The Organizing Committee of INTERSPEECH 2023 can confirm the following Tutorials will take place on Sunday, 20th August in the Convention Centre Dublin.

Morning Tutorials

T1: Speech Assessment Metrics: From Psychoacoustics to Machine Learning

Fei Chen (Department of Electrical and Electronic Engineering, Southern University of Science and Technology, China) and Yu Tsao (The Research Center for Information Technology Innovation (CITI), Academia Sinica, Taiwan)

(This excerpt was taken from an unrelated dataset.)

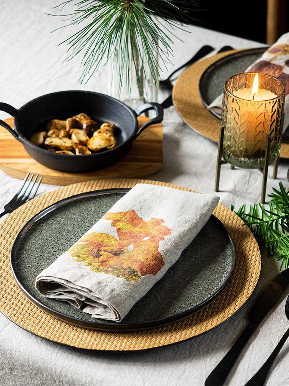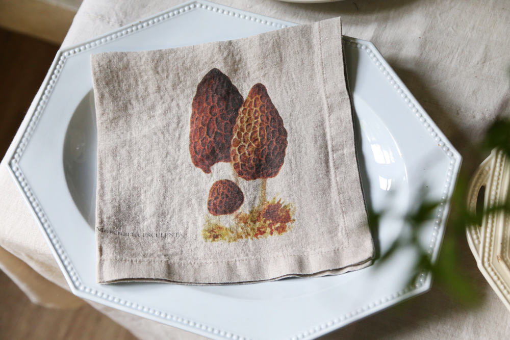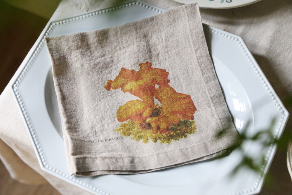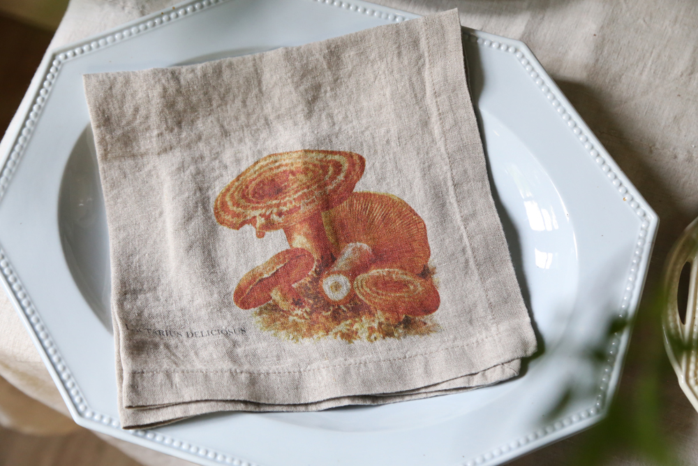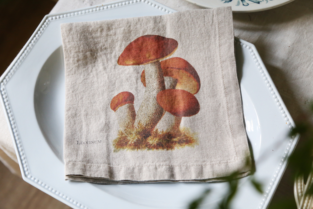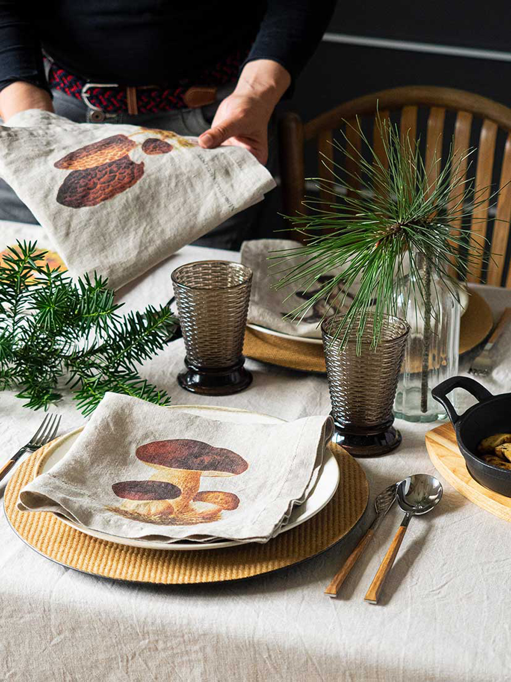 森林周圍環繞著野菇氣味、6 種不同設計的亞麻餐巾:黑色雞油菌、羊肚菌、橙蓋牛肝菌、雞油菇、牛肝菌、松乳菇

An important measure of the effectiveness of speech technology applications is the intelligibility and quality of the processed speech signals provided by these applications. A number of speech evaluation metrics have been derived to quantitatively measure specific properties of speech signals. Objective speech assessment metrics have been developed as surrogates for human listening tests. Speech assessment metrics based on deep learning-based models have garnered significant attention.


T2: Recent Advances in Speech Processing, Multi-talker ASR and Diarization for Cocktail Party Problem

Shi-Xiong Zhang (Tencent AI lab, Bellevue, USA), Yong Xu (Tencent AI lab, Bellevue, USA), Shinji Watanabe (Carnegie Mellon University, Pittsburgh, USA) and Dong Yu (Tencent AI lab, Bellevue, USA)

A new trend in today’s speech fields is to develop systems towards solving more wild and more challenging scenarios such as multiple simultaneous speakers in meetings or cocktail party environments. Significant research activity has occurred in recent years in these fields and great advances have been made. This tutorial will bring together all the state-of-the-art researches on solving “Who said What and When” in multi-talker scenarios, including: 1) front-end speech separation and beamforming; back-end speaker diarization and speech recognition; 2) modeling techniques for single-channel, multi- channel or audio-visual inputs; 3) the pipeline systems of multiple speech modules vs the end-to-end integrated neural networks. The goal is to give audiences a complete picture of this cross-disciplinary field and enlighten the future directions and collaborations.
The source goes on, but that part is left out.